The kit provides a means of performing kinase activity assays with recombinant human PKCgamma kinase. It includes active PKCgamma kinase (supplied as a GST fusion protein), a biotinylated peptide substrate and a phospho-serine/threonine antibody for detection of the phosphorylated form of the substrate peptide.

Molecular Formula:

Peptide substrate, Biotin-peptide: 2,326 Daltons. GST-PKCgamma Kinase domain: 111 kDa.

Peptide Core Sequence:

RRPS*YRK

Activation of protein kinase C (PKC) is one of the earliest events in a cascade that controls a variety of cellular responses, including secretion, gene expression, proliferation, and muscle contraction (1,2). PKC isoforms belong to three groups based on calcium dependency and activators. Classical PKCs are calcium-dependent via their C2 domains and are activated by phosphatidylserine (PS), diacylglycerol (DAG), and phorbol esters (TPA, PMA) through their cysteine-rich C1 domains. Both novel and atypical PKCs are calcium-independent, but only novel PKCs are activated by PS, DAG, and phorbol esters (3-5). Members of these three PKC groups contain a pseudo-substrate or autoinhibitory domain that binds to substrate-binding sites in the catalytic domain to prevent activation in the absence of cofactors or activators. Control of PKC activity is regulated through three distinct phosphorylation events. Phosphorylation occurs in vivo at Thr500 in the activation loop, at Thr641 through autophosphorylation, and at the carboxy-terminal hydrophobic site Ser660 (2). Atypical PKC isoforms lack hydrophobic region phosphorylation, which correlates with the presence of glutamic acid rather than the serine or threonine residues found in more typical PKC isoforms. The enzyme PDK1 or a close relative is responsible for PKC activation. A recent addition to the PKC superfamily is PKCμ (PKD), which is regulated by DAG and TPA through its C1 domain. PKD is distinguished by the presence of a PH domain and by its unique substrate recognition and Golgi localization (6). PKC-related kinases (PRK) lack the C1 domain and do not respond to DAG or phorbol esters. Phosphatidylinositol lipids activate PRKs, and small Rho-family GTPases bind to the homology region 1 (HR1) to regulate PRK kinase activity (7).
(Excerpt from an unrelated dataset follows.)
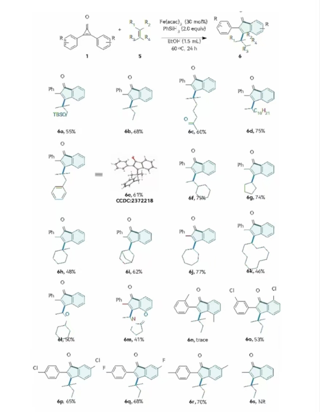 作者以2,3-二苯基環丙-2-烯酮和2-甲基-2-丙烯-1-醇作為模板底物,對該反應的催化劑,還原劑,溶劑,溫度和時間進行篩選,進而確定了最佳的反應條件為:2,3-二苯基環丙-2-烯酮與2-甲基-2-丙烯-1-醇投料比為1:3,以30 mol%的乙酰丙酮鐵為催化劑,2 equiv的苯硅烷為還原劑,乙醇做溶劑,于60攝氏度的油浴鍋中反應24小時,反應收率為78 %。產物結構通過1H NMR,13C NMR,HR-MS、XRD進行了確認。

PKCgamma is expressed solely in neurons in the brain and the spinal cord. PKCgamma is activated by Ca2+ and diacylglycerol in the presence of phosphatidylserine and may regulate several neuronal functions, including long term potentiation (LTP) and long term depression (LTD)(10).

  1. Nishizuka, Y. (1984) Nature 308, 693-698.
  2. Keranen, L.M. (1995) Curr. Biol. 5, 1394-1403.
  3. Mellor, H. and Parker, P.J. (1998) Biochem J 332 ( Pt 2), 281-92.
  4. Ron, D. and Kazanietz, M.G. (1999) FASEB J 13, 1658-76.
  5. Moscat, J. and Diaz-Meco, M.T. (2000) EMBO Rep 1, 399-403.
  6. Baron, C.L. and Malhotra, V. (2002) Science 295, 325-8.
  7. Flynn, P. et al. (2000) J Biol Chem 275, 11064-70.
  8. Saito, N. and Shirai, Y. (2002) J. Biochem. (Tokyo) 132, 683-687.
Entrez-Gene Id
5582
Swiss-Prot Acc.
P05129
For Research Use Only. Not For Use In Diagnostic Procedures.

Cell Signaling Technology is a trademark of Cell Signaling Technology, Inc.
DELFIA is a registered trademark of PerkinElmer, Inc.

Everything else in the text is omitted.